What we want to see in this miracle is an easy way out.  The need is not overwhelming, no matter how large the crowd.  The impossible becomes ordinary, against our expectations.  God is for us, against all odds – that’s what we want to hear in this story.  When our expectations overwhelm us, Jesus steps in, gives thanks, and all is made miraculously well.  Because life is rather like a crowd in a deserted field, and we imagine ourselves at the centre of the story.  We expect to be asked to solve the whole problem – at once, and by ourselves.  We expect to be held responsible in case of failure.

We expect any help to be a long way off.  But this is not a parable of life – it is yet another glimpse into the kingdom of heaven, and the kingdom of heaven is not about our abilities or our expectations.
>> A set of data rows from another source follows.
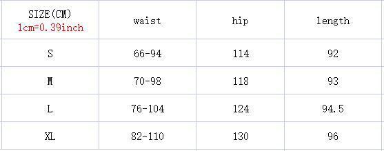 | Größe | Taillenumfang (cm) | Hüftumfang (cm) | Länge (cm) |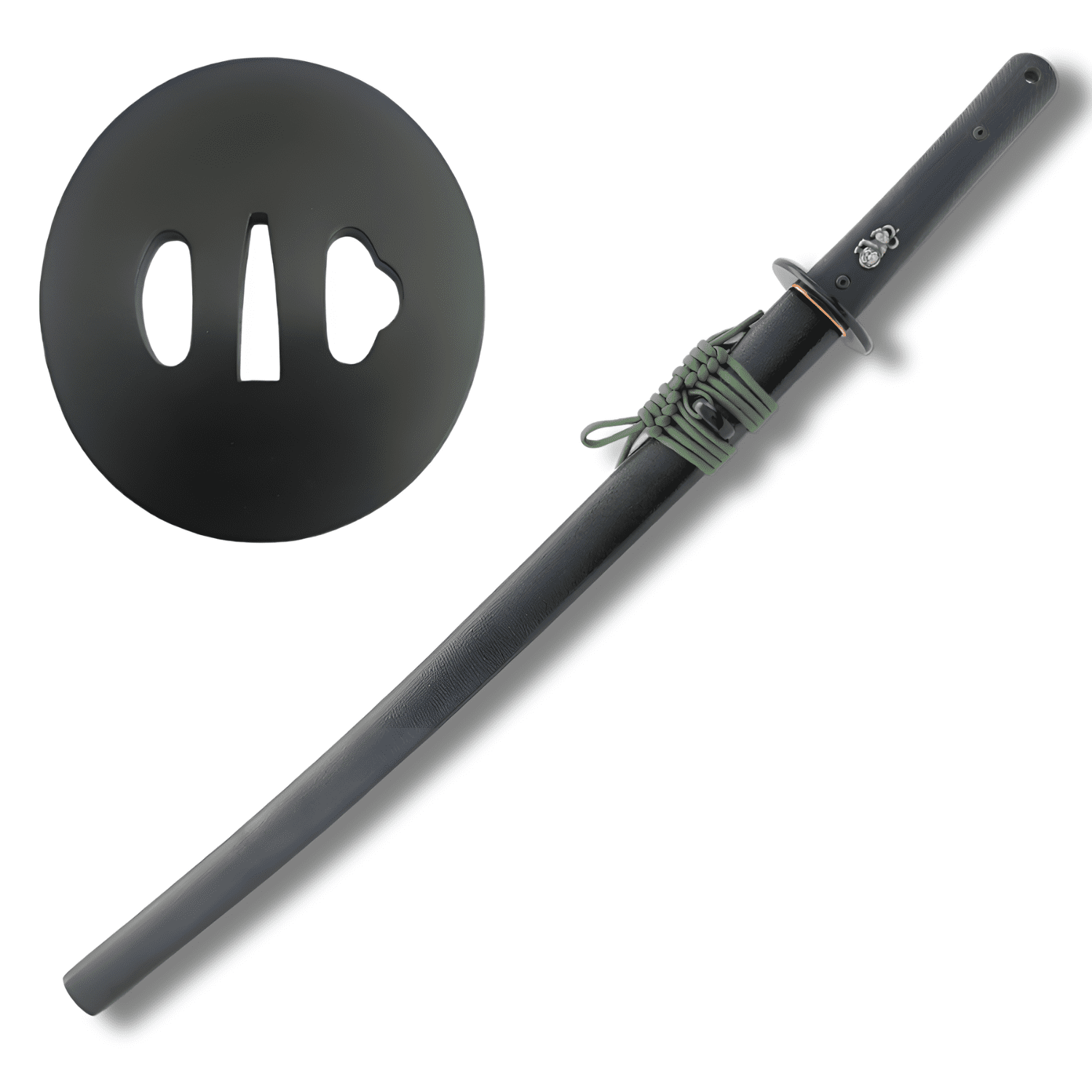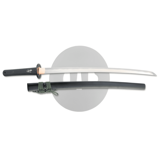 Completing this wakizashi is a textured black saya fitted with polymer kurigata and kojiri, along with an olive paradors sageo. This design is also available as a tanto.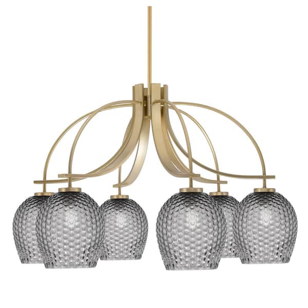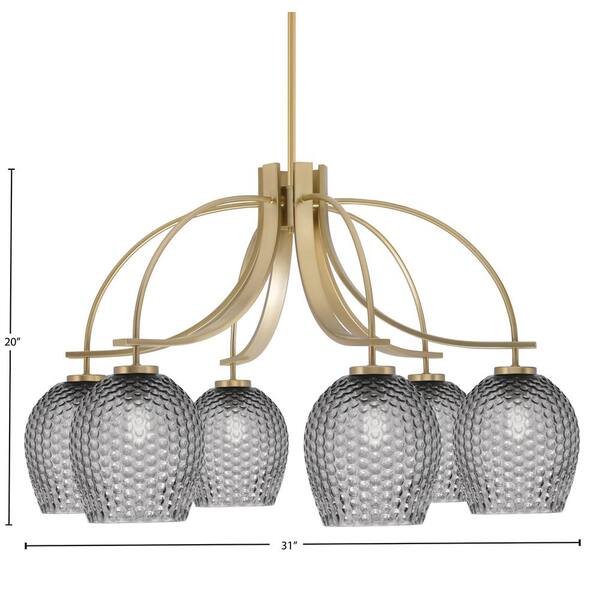 Olympia 20 in. 6-Light New Age Brass Downlight Chandelier Smoke Textured Glass Shade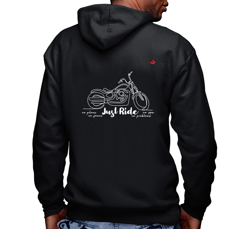 A Blusa Moletom Just Ride Masculina com Capuz e Zíper é confeccionada em tecido 100% Algodão com gola redonda, fechamento em zíper, capuz forrado, bolso estilo canguru, costura reforçada, interior flanelado, acabamento com punho retilíneo, barra retilínea e modelagem com caimento reto. A estampa do tema "Motos e Bikes" é feita através do processo Silk Digital HD. Produto ideal para quem busca qualidade, perfeito para se esquentar no tempo frio com estilo.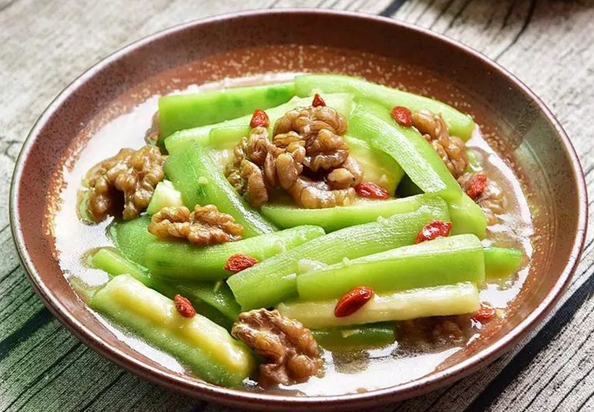 原料:丝瓜250g,核桃仁60g,生姜6g,麻油、盐少量。
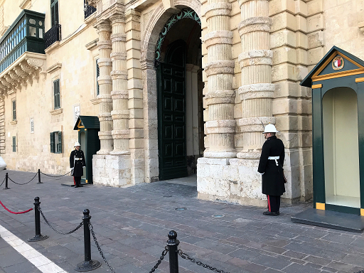 イスラエルから退いた十字軍のヨハネ騎士団がロードス島に移り、ロードス島をオスマントルコ帝国に追われてマルタ島に移り、マルタ騎士団を名乗るようになりました。有名な1565年の大包囲戦では、オスマン帝国側は総勢約4万人、騎士団側はわずか700人でした。マルタ人の市民を加えても、9000人ほど。3ヵ月に及んだ非情な戦いの末、聖ヨハネ騎士団はついに勝利を収めます。以後、名声を高め、各国の寄進を集め、栄えて行きます。1798年には、ナポレオン率いるフランス軍の占領によって、騎士団はマルタ島を追われます。公開されているのは2階のいくつかのお部屋とネプチューンの中庭を囲む廊下のみですが、素晴らしい装飾で栄華がしのばれます。 |

There is a miracle at the centre of every kingdom story.  Miracle is the word we use when the result cannot be explained by our experience.  And Jesus invites us to facilitate the miracle: “you give them something…”, he says, without bothering to tell us how it might be possible.   Instead, he shows us how; producing food from scarcity – hope from despair – life from death.  Jesus stands as a living parable, urging us toward something more – something of God.

It’s simple enough: Take what you have – your time; your food; your friendship; your life – and share it in faith.  By such acts of compassion, miracles are made.  By our imitation of Christ the kingdom is brought slowly and surely into view.